- _Your objective_
Write out the data below exactly as given, without any of its pictures.

(Records drawn from a dataset)
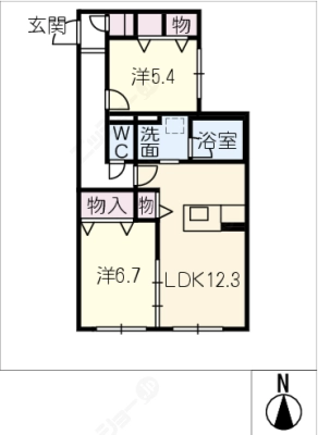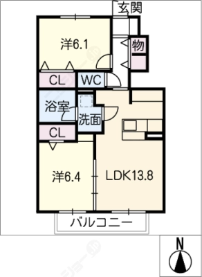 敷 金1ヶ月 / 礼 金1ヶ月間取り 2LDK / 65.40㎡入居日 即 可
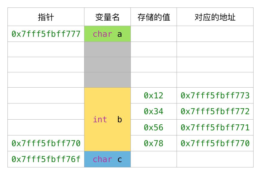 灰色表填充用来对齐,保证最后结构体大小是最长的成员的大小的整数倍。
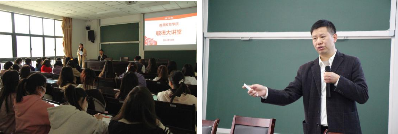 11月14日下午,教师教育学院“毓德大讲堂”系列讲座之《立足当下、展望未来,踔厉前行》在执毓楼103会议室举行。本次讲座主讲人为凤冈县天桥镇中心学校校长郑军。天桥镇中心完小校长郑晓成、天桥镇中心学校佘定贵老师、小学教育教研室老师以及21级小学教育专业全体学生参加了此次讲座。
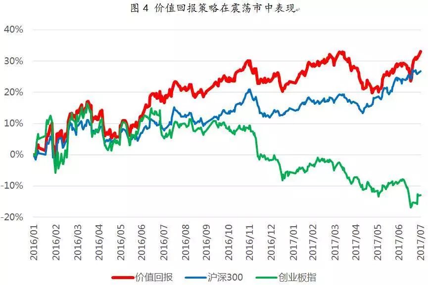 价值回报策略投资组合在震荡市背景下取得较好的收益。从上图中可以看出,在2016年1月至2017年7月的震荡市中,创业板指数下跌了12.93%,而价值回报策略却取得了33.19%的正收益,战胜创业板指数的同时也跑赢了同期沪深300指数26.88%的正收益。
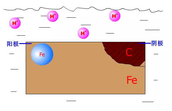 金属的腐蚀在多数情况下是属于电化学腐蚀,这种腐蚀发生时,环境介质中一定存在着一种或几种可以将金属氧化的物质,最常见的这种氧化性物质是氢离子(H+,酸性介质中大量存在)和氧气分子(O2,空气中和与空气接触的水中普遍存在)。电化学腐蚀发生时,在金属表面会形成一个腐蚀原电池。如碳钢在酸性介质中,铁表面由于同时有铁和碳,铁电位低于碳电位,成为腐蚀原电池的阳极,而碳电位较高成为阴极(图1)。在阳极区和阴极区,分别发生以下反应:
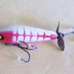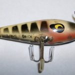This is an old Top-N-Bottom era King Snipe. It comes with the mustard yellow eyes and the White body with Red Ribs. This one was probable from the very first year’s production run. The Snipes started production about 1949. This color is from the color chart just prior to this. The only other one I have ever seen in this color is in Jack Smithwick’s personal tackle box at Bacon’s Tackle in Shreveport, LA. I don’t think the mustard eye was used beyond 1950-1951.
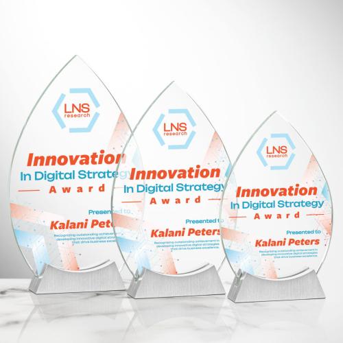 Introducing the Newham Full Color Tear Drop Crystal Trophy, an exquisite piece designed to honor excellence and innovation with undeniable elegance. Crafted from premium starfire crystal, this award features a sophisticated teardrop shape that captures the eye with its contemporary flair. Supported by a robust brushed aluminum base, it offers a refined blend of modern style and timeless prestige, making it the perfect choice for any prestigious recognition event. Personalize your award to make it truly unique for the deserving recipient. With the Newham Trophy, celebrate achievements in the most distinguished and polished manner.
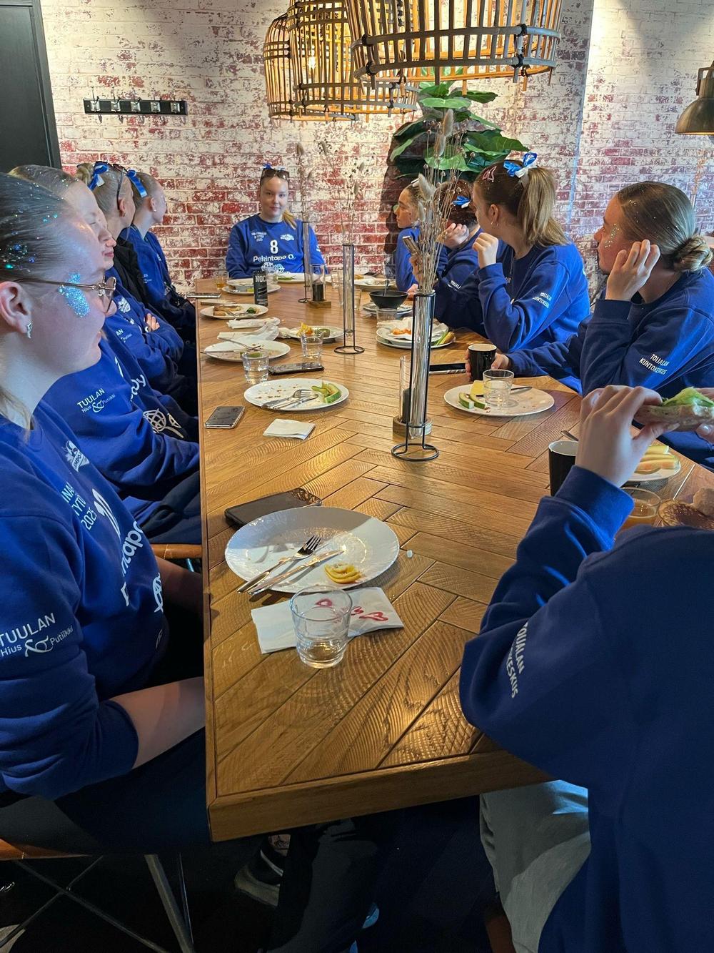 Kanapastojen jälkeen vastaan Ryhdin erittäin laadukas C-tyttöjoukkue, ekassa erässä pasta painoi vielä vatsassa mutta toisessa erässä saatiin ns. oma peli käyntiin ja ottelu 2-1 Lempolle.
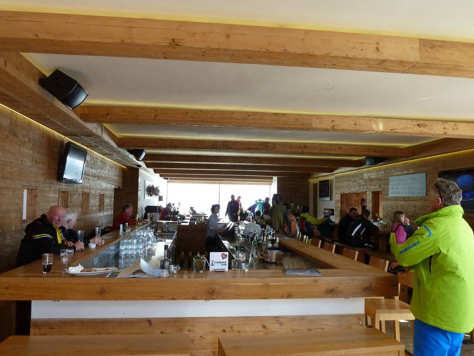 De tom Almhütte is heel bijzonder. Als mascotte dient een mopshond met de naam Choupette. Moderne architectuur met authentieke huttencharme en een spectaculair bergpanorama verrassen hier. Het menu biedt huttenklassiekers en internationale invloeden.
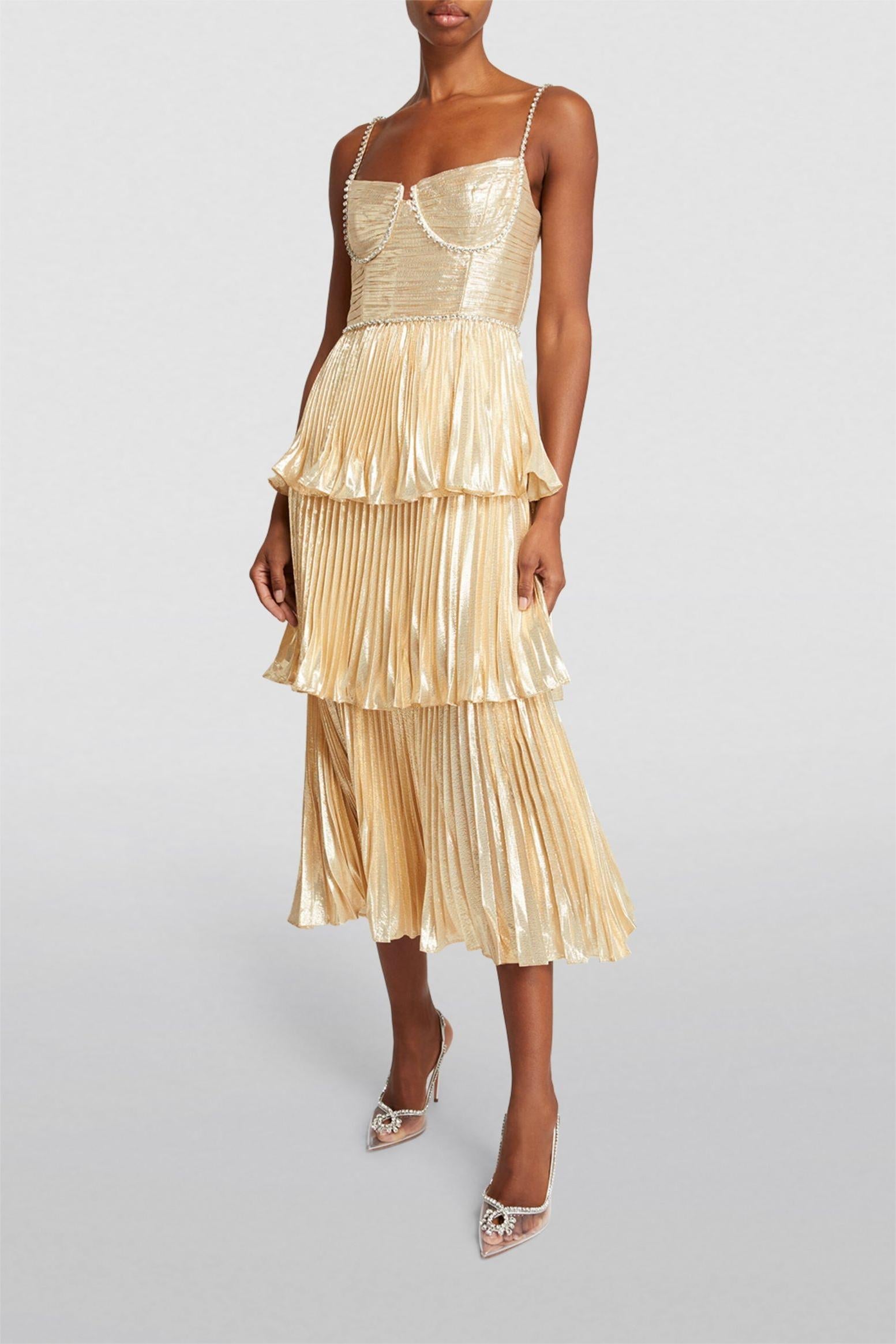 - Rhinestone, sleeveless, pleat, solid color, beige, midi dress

- _Answer to the exercise_
 敷 金1ヶ月 / 礼 金1ヶ月間取り 2LDK / 65.40㎡入居日 即 可
 灰色表填充用来对齐,保证最后结构体大小是最长的成员的大小的整数倍。
 11月14日下午,教师教育学院“毓德大讲堂”系列讲座之《立足当下、展望未来,踔厉前行》在执毓楼103会议室举行。本次讲座主讲人为凤冈县天桥镇中心学校校长郑军。天桥镇中心完小校长郑晓成、天桥镇中心学校佘定贵老师、小学教育教研室老师以及21级小学教育专业全体学生参加了此次讲座。
 价值回报策略投资组合在震荡市背景下取得较好的收益。从上图中可以看出,在2016年1月至2017年7月的震荡市中,创业板指数下跌了12.93%,而价值回报策略却取得了33.19%的正收益,战胜创业板指数的同时也跑赢了同期沪深300指数26.88%的正收益。
 金属的腐蚀在多数情况下是属于电化学腐蚀,这种腐蚀发生时,环境介质中一定存在着一种或几种可以将金属氧化的物质,最常见的这种氧化性物质是氢离子(H+,酸性介质中大量存在)和氧气分子(O2,空气中和与空气接触的水中普遍存在)。电化学腐蚀发生时,在金属表面会形成一个腐蚀原电池。如碳钢在酸性介质中,铁表面由于同时有铁和碳,铁电位低于碳电位,成为腐蚀原电池的阳极,而碳电位较高成为阴极(图1)。在阳极区和阴极区,分别发生以下反应:
This is an old Top-N-Bottom era King Snipe. It comes with the mustard yellow eyes and the White body with Red Ribs. This one was probable from the very first year’s production run. The Snipes started production about 1949. This color is from the color chart just prior to this. The only other one I have ever seen in this color is in Jack Smithwick’s personal tackle box at Bacon’s Tackle in Shreveport, LA. I don’t think the mustard eye was used beyond 1950-1951.
 Introducing the Newham Full Color Tear Drop Crystal Trophy, an exquisite piece designed to honor excellence and innovation with undeniable elegance. Crafted from premium starfire crystal, this award features a sophisticated teardrop shape that captures the eye with its contemporary flair. Supported by a robust brushed aluminum base, it offers a refined blend of modern style and timeless prestige, making it the perfect choice for any prestigious recognition event. Personalize your award to make it truly unique for the deserving recipient. With the Newham Trophy, celebrate achievements in the most distinguished and polished manner.
 Kanapastojen jälkeen vastaan Ryhdin erittäin laadukas C-tyttöjoukkue, ekassa erässä pasta painoi vielä vatsassa mutta toisessa erässä saatiin ns. oma peli käyntiin ja ottelu 2-1 Lempolle.
 De tom Almhütte is heel bijzonder. Als mascotte dient een mopshond met de naam Choupette. Moderne architectuur met authentieke huttencharme en een spectaculair bergpanorama verrassen hier. Het menu biedt huttenklassiekers en internationale invloeden.
 - Rhinestone, sleeveless, pleat, solid color, beige, midi dress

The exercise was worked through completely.